Month after month of political discourse in the county has focused on widespread concerns, including out-of-control-development, overcrowded schools, cumbersome business permitting processes and the dominating issues of illegal immigration and excessive taxation.
The Regional Prince William Chamber of Commerce forged a task force earlier this year to give voice to business leaders in the county who want to present a better image of their marketplace as an inviting place to live and work.
“We’re open for business and don’t let anybody tell you any different,” said Tim Jackson, a former chamber chairman and the president of DMA Technologies in Woodbridge who is heading the effort. “We need to accentuate the positive.”
In a suburban region that is the state’s hardest hit by home foreclosures, and where commuters feel higher gas prices in their wallets as a direct cost-of-living increase, Jackson and others are asking for improved permitting consistency, lower taxes, better positive marketing and much less fuss.
“One of the things we’re looking at is unintended consequences from political leadership, whether it is by design or by mistake,” Jackson said, including the county’s high-profile crackdown on illegal immigrants. “Immigration is one of the elements that brought us together, but it is not the driving factor.”
Two business owners asked county supervisors at a meeting last week if they could take a leading role marketing the county better, including advertising for new economic development opportunities.
“We would wish they would toot their horns about the county a bit more,” said Rick Hendershot, chairman of the Prince William County Greater Manassas Chamber of Commerce. “Unfortunately, you do have to debate the issues, but then ... no one’s tooting the good things that are happening.”
Several supervisors say the best way to help the county is to reduce the proposed tax rate, which would raise real estate taxes by nearly one-third on businesses.
“We can’t have a 32-percent tax rate increase on business,” Supervisor Wally Covington, R-Brentsville, said, citing competition with Fairfax and Stafford counties.

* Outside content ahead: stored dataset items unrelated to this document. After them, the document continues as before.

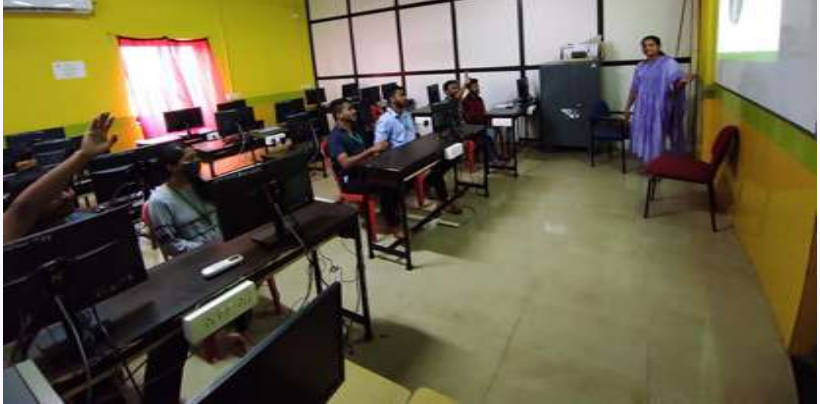
From 21<sup>st</sup> to 26<sup>th</sup> March 2022, the Department of IT and Computer Applications organized a series of Inter-Class competitions. The Mega Finale of all these activities was held on 9<sup>th</sup> April 2022.
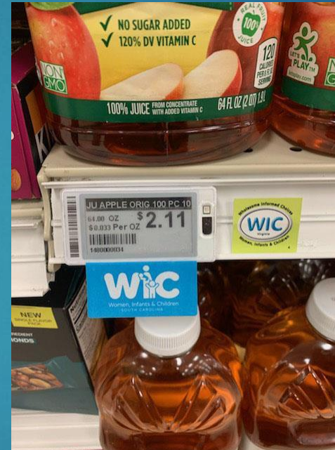
Do not use two WIC labels if available
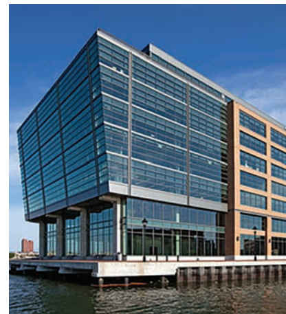
Thames Street Wharf Baltimore, Maryland
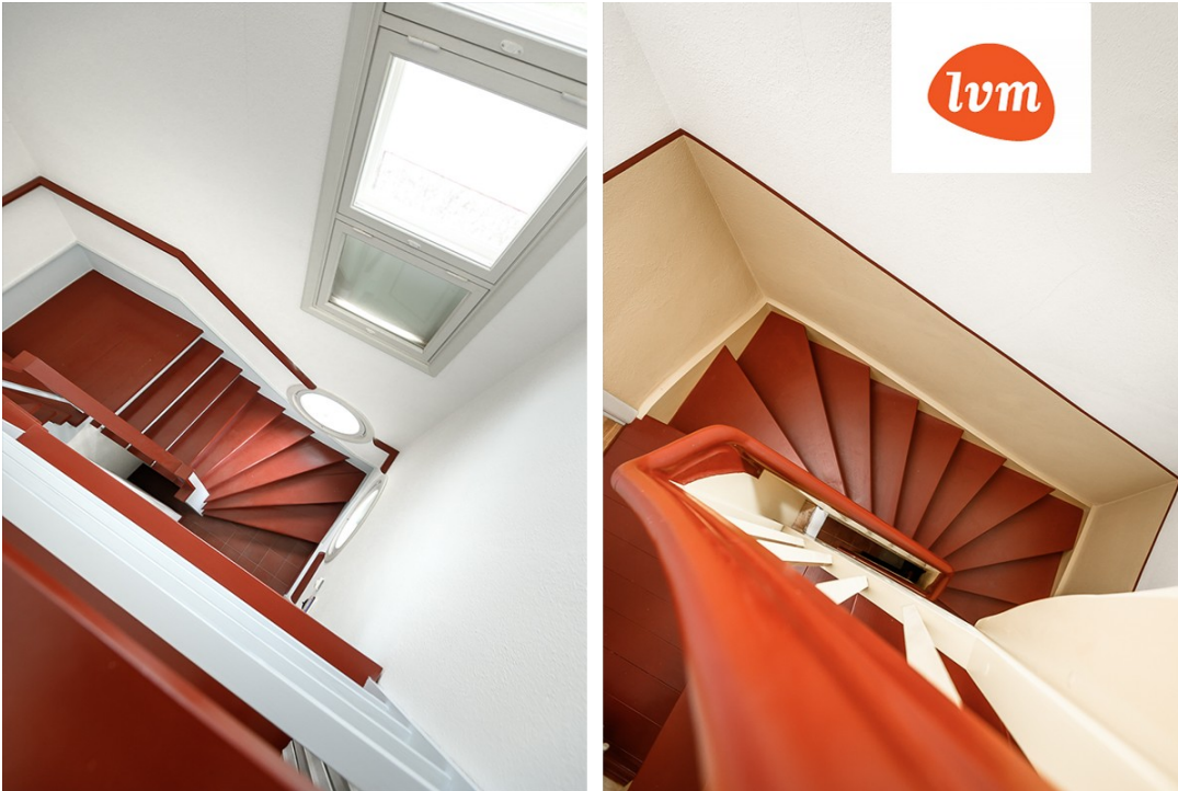
Kuuse 2 II korrus
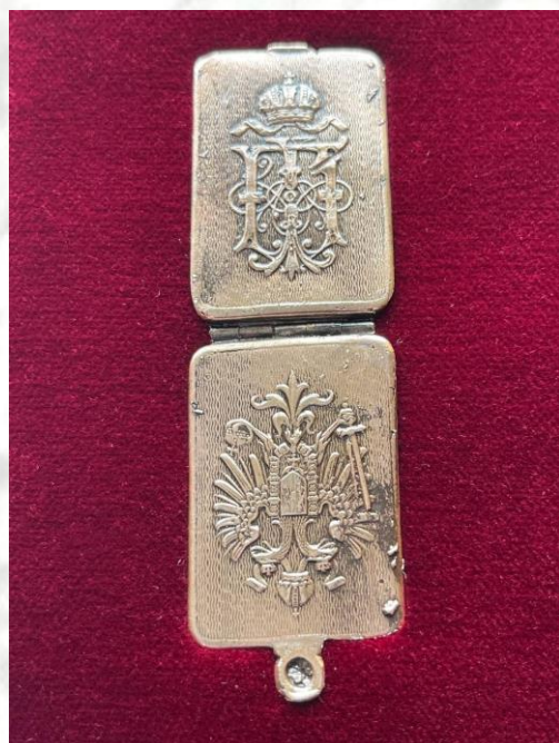
24. Memorial sign of the Hoffmann Corps, in the 129th and 130th brigades of which Ukrainian Sich Riflemen fought.
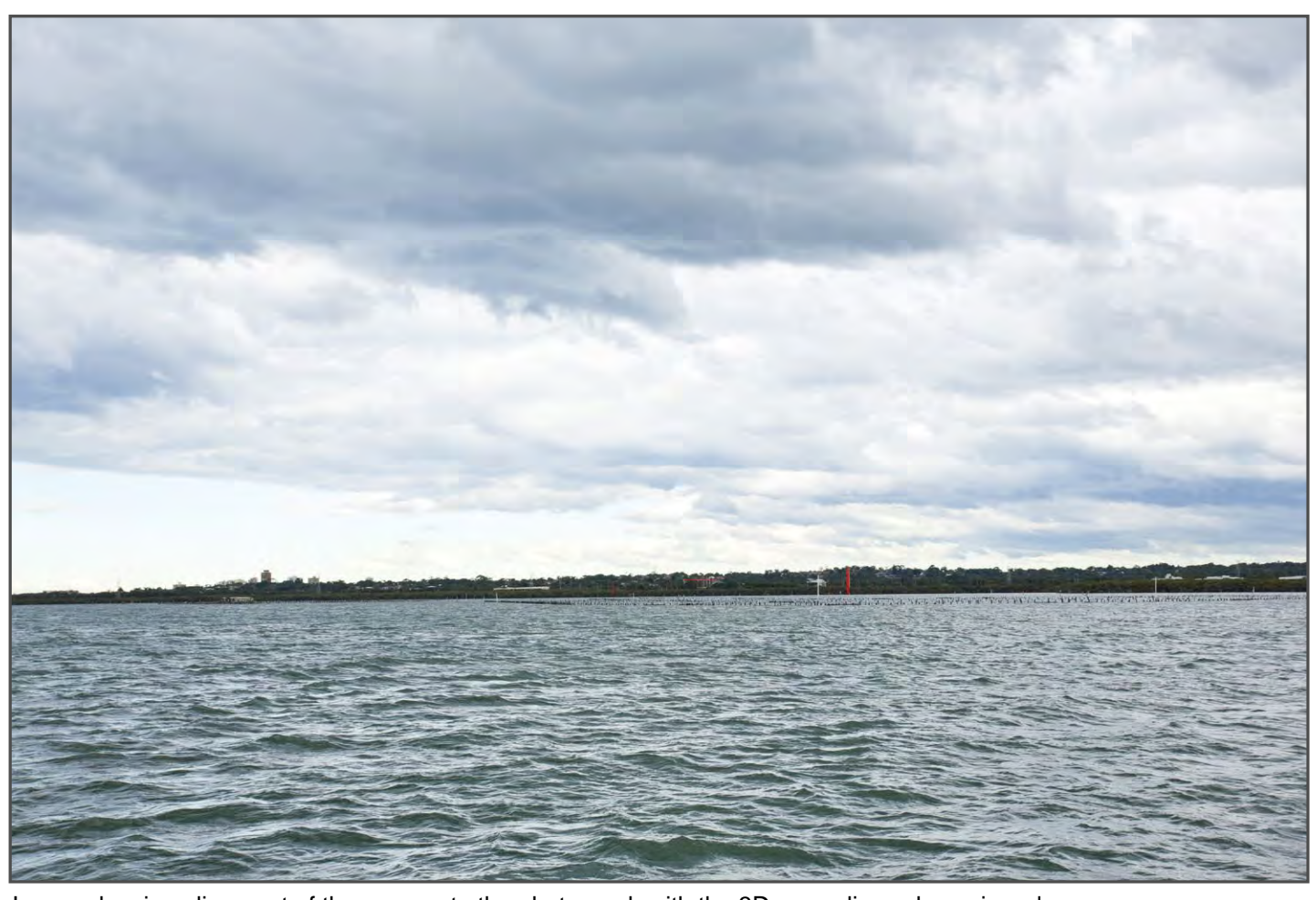
Image showing alignment of the camera to the photograph with the 3D suvey lines shown in red.

Date: 04/07/2011 1:36 PM Camera: Canon EOS 5D
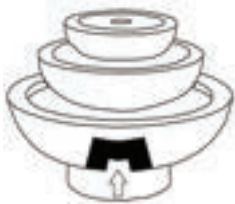
FT-34CC (1 lbs) 5"L x 2"W x 3.5"H

Step 10 - Fit the pipe protruding from the top of the middle bowl (FT-34B) into the hole in the bottom of the small bowl (FT-34A).
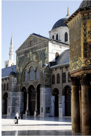
Shape no. (1)- The façade of the Umayyad mosque –Syria

mural painting like the great one which belongs to the Umayyad era in Damascus, Syria, this mural was made of mosaic which was affected with roman designs, shape no. (1)
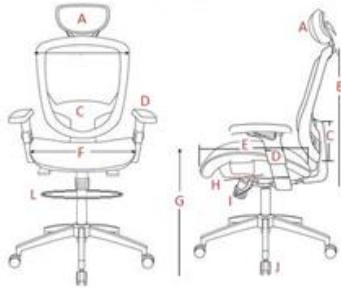
Table A5: Rotary chair E
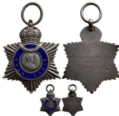
Khan Sahib - Set of 2 Full & miniature Set
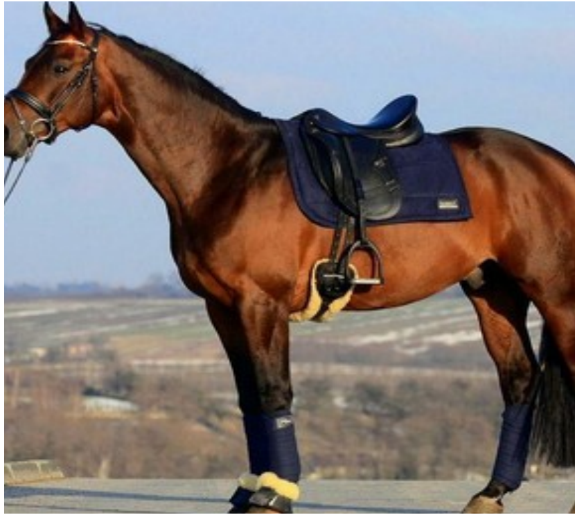
The Horse of Kinges Wood
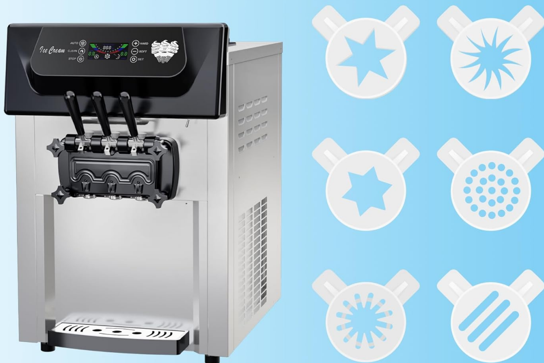
Figure 3.2: Selection of six interchangeable dispensing tips to create various soft serve shapes.
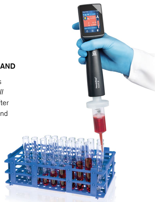
Sequential dispensing with the HandyStep® touch S and PD-Tip //
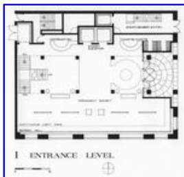
First level floor plan
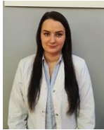
Latvian University of Agriculture
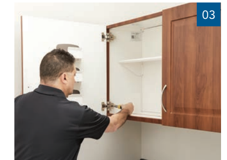
03 Final walk-through and adjustments ensure a fully functional space
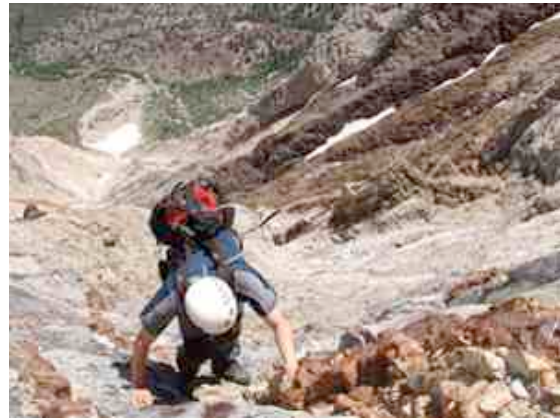
Julius climbing the class-4 with Convict Lake behind

Somewhere, mid-mountain, maybe half way up, the gully ended and dropped us onto a muddy plateau. We surveyed the terrain, compared it against the map and photos from Bob Burd's report and headed up on some red slabs. There were loose parts here but it was not too steep and at the maximum, no harder than easy class-3. We continued till Julius decided to veer left and we saw a large open gully and deduced that we were off route. To get back on, we thought that we would have to traverse some very sketchy terrain, go over a rib and maybe the real gully (class-2) would be behind. But above us was a long and wide expanse of very solid looking slab terrain with what seemed to be a dyke running through (shades of the Snake Dyke on Half Dome). We looked at each other. This was decision time. The traverse was unappealing with an unknown gully beyond which, at best, would be horrible, scree-filled class-2. "What the hell, let us try these slabs", suggested Julius and we started climbing. This seemed to go on forever and we were doing moderately steep climbing on solid slabs and - at least three or four times, I remember making solid 4th class moves and some of them even low 5th. But the climbing was always solid and safe and we never felt the need for a belay. Smearing worked very well and neither of us even needed our rock shoes.
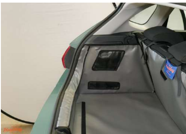
SH2-FRSD-SPK- left side
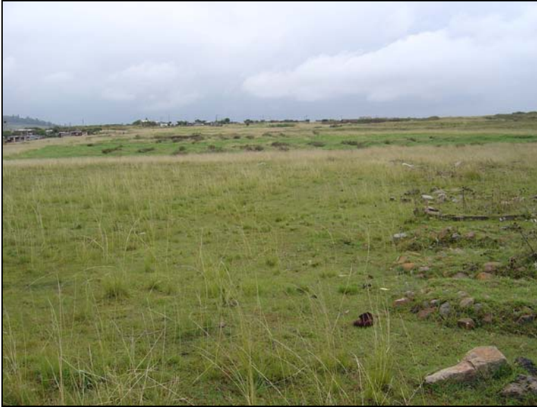
Fig.3 Old sewer ponds at Mamafubedu, Petrus Steyn.
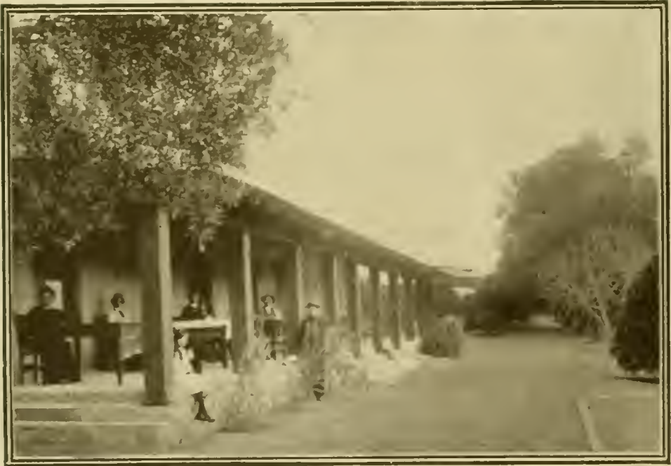
Eating "Hot Stuff" on the Broad, Cool Veranda, Casa Verdugo.

A DOUBLE daily parlor observation car service is maintained to North Glendale and the historic old home of the Verdugos, now converted into a typical Spanish restaurant. Car leaves Sixth and Main at 9:30 A. M. and 3 P. M. and the fare of $1.00 includes full Spanish dinner at Casa Verdugo. Tally-ho meets each car and for 50 cents extra the passenger is taken on a charming ride through the valley to Brand's Caynon. The whole trip is picturesque and beautiful.

Image task force member Mark Granville-Smith, a home builder and leader of the county’s chapter of the Northern Virginia Building Industry Association, blamed Prince William County Chairman Corey Stewart for the county’s image hurdles, saying his often brusque political style has been to harp on one negative issue after another.
Stewart responded that his leadership has addressed head-on the challenges facing the community.
“All the issues we have raised, the overdevelopment, the illegal immigration, needed to be raised. We couldn’t just stick our heads in the ground and ignore the real problems we had,” Stewart said, adding, “I support any efforts anybody wants to make in regard to increasing the county’s image.
“We have a good story to tell, but we have to get the basics right, first.”